What you have to do -> Write out the data below exactly as given, without any of its pictures.

Information provided ->
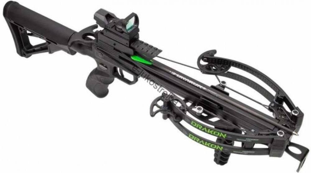 Součástí kuše je holografický zaměřovač, 3 karbonové šípy a vosk pro mazání tětivy a kolejnic.
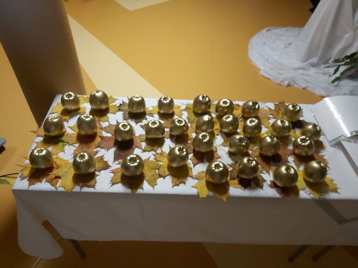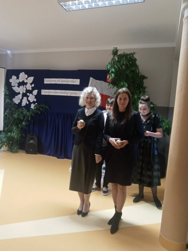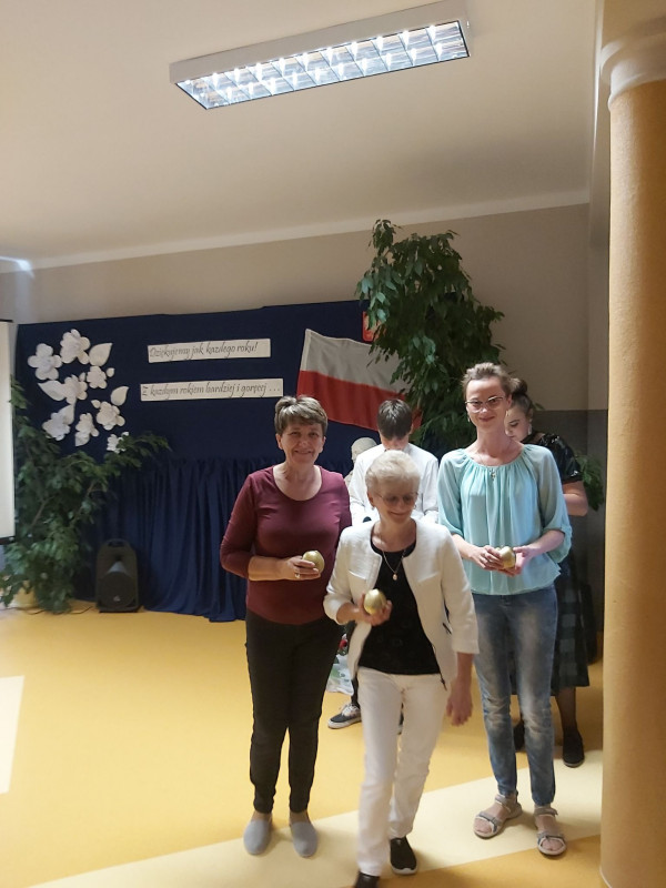 W kolejnej części było bardzo wesoło!! Uczniowie klasy III przygotowali krótką część artystyczną w której wierszami i piosenkami dziękowali nauczycielom za ich pracę i trud. Zebrani obejrzeli również humorystyczną scenkę, w której przedstawiony został proces powstawania wzorowego ucznia oraz odbyła się uroczysta Gala Oskarowo - Jabłkowa.
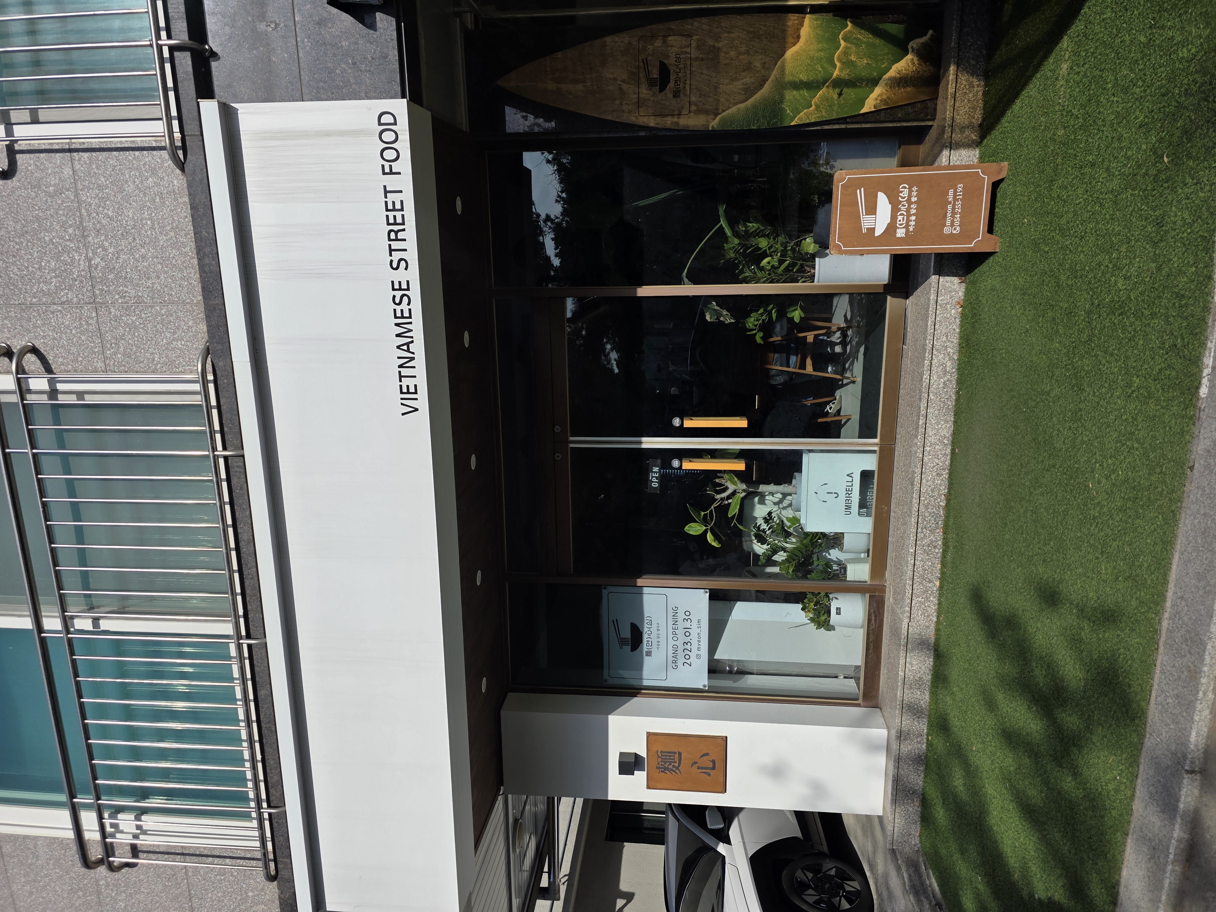 면심은 '베트남 스트리트 푸드'라는 문구가 적힌 화이트톤의 깔끔한 건물에 자리 잡고 있습니다.

The completed task ->
 Součástí kuše je holografický zaměřovač, 3 karbonové šípy a vosk pro mazání tětivy a kolejnic.
 W kolejnej części było bardzo wesoło!! Uczniowie klasy III przygotowali krótką część artystyczną w której wierszami i piosenkami dziękowali nauczycielom za ich pracę i trud. Zebrani obejrzeli również humorystyczną scenkę, w której przedstawiony został proces powstawania wzorowego ucznia oraz odbyła się uroczysta Gala Oskarowo - Jabłkowa.
 면심은 '베트남 스트리트 푸드'라는 문구가 적힌 화이트톤의 깔끔한 건물에 자리 잡고 있습니다.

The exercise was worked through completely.